Gene enrichment analysis

To test for enrichment of accelerated sequences near genes differentially expressed in the patagium, we first associated candidate cis-regulatory elements with their putative target genes using contact domains determined from our Micro-C data. First, contact domains called with windows sizes of 10, 25 and 50 kb were integrated using an approach described previously⁶⁹. In brief, contact domain calls were combined and filtered such that fully overlapping and fully nested contact domains across all call sets were merged, whereas single and partially overlapping contact domains were retained. For all genes, we grouped all transcripts, sorted them by length and selected the largest transcript. In other words, we used the longest transcript as a representative for each gene. The TSS for each gene was determined based on the location of the first annotated exon. If this exon did not start with an ATG, it was considered the 5′ untranslated region, and the TSS was annotated as the site 1 bp directly upstream of the first exon. For exons that did begin with an ATG codon, the TSS was estimated to be approximately 1 kb upstream from the translation start site. For each remaining TAD, its overlap with annotated TSSs and a candidate cis-regulatory element was calculated using BEDTools (v.2.27.1)⁵⁸, using the intersect function with parameter -wo. We then assigned each candidate cis-regulatory element to the nearest gene TSS using BEDTools closest v.2.27.1, using the default settings, and created a table that included information on whether the sequences assigned to each gene were GARs. For this analysis, we merged the list of GARs from each of the three gliding species, and all of the gene–enhancer annotations were conducted based on sugar glider genome coordinates. Out of 24,495 genes annotated in the sugar glider genome, we tested 11,044. The remaining genes were either not assigned to contact domains or had no candidate cis-regulatory elements assigned to them. For each gene we computed the one-tailed hypergeometric P value of observing a given number of GARs from the total number of candidate cis-regulatory elements near a gene, where the number of trials is the total number of GARs and candidate cis-regulatory elements in our dataset. This analysis yielded a total of 1116 genes enriched for GARs.

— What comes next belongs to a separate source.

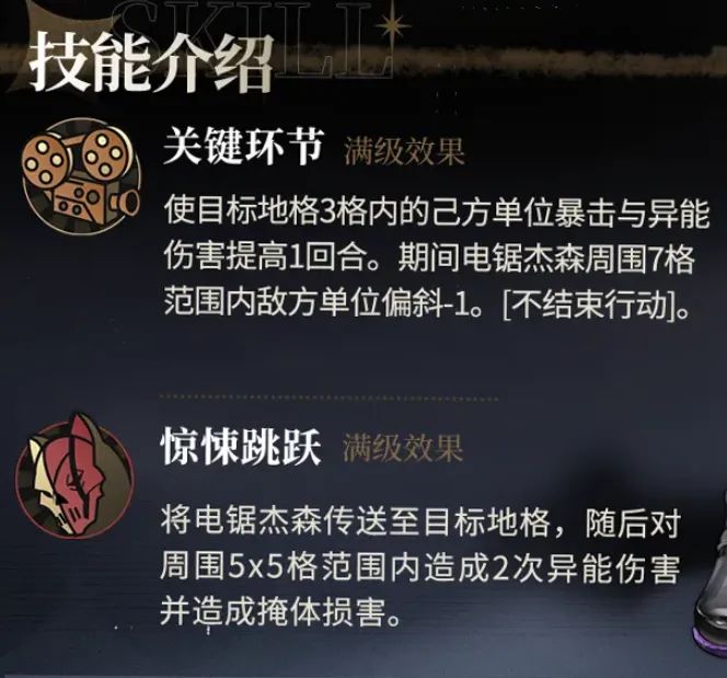 接着维奥拉还具备暴击辅助和异能增伤辅助两项能力,当然这个杰森7格范围内的地方偏斜-1就有点看实机的战斗环境了,综合价值不算很高。而最后杰森还能被传送且造成范围伤害,此外还能破坏掩体,所以......说到这大家有没有这种感觉,那便是维奥拉的综合能力还是挺丰富的,且还是一位难得的半攻半辅角色,不过好像就是感觉不怎么强呢?这里维一也简单说下其中的原因:

Our contact domain-based gene enrichment analysis represents a biologically meaningful approach because it relies on three-dimensional enomic interactions occurring when the patagium primordium is developing. However, previous studies have also used a distance-based strategy, in which genes are assigned to candidate cis-regulatory elements based on physical proximity along the chromosome⁶⁵. To compare the outcomes of using a contact domain-based and a distance-based method, we reanalysed our data using a distance-based approach. As described above, we computed the probability of observing a given number of accelerated candidate cis-regulatory elements (GARs) based on a binomial distribution, where the number of trials is the total number of candidate cis-regulatory elements assigned to a gene and the probability of success is the proportion of all accelerated candidate cis-regulatory elements (GARs) over the total number of candidate cis-regulatory elements. Among the 24,495 genes annotated in the sugar glider genome, we tested 15,178 (the remaining genes did not have any candidate cis-regulatory elements assigned to them) and found that 1,638 were enriched for GARs. Of the 1,638 genes enriched, 27 were upregulated in the developing patagium compared with both the dorsal and shoulder skin. Of these 27, 21 were recovered with our contact domain-based analysis, demonstrating that the two approaches yield comparable results.

Finally, to establish the extent to which our results were being biased by contact domain size, we examined the size distribution of our contact domains alongside the corresponding number of enhancers. Our analysis revealed a low correlation between contact domain size and the number of enhancers (R² = 0.05) (Supplementary Fig. 5a). The majority of contact domains had 25 or fewer enhancers and were between 100,000 and 1,000,000 bp in size (Supplementary Fig. 5b,c). Notably, the contact domains containing our genes of interest are no larger than other contact domains and do not contain the greatest number of enhancers. Moreover, the largest contact domain (8,000,000 bp) did not contain the highest number of enhancers, and the contact domain containing the highest number of enhancers (~4,000,000 bp and 449 enhancers) does not contain any of our 59 genes of interest. Together, this analysis supports the notion that longer contact domains do not contain more active enhancers.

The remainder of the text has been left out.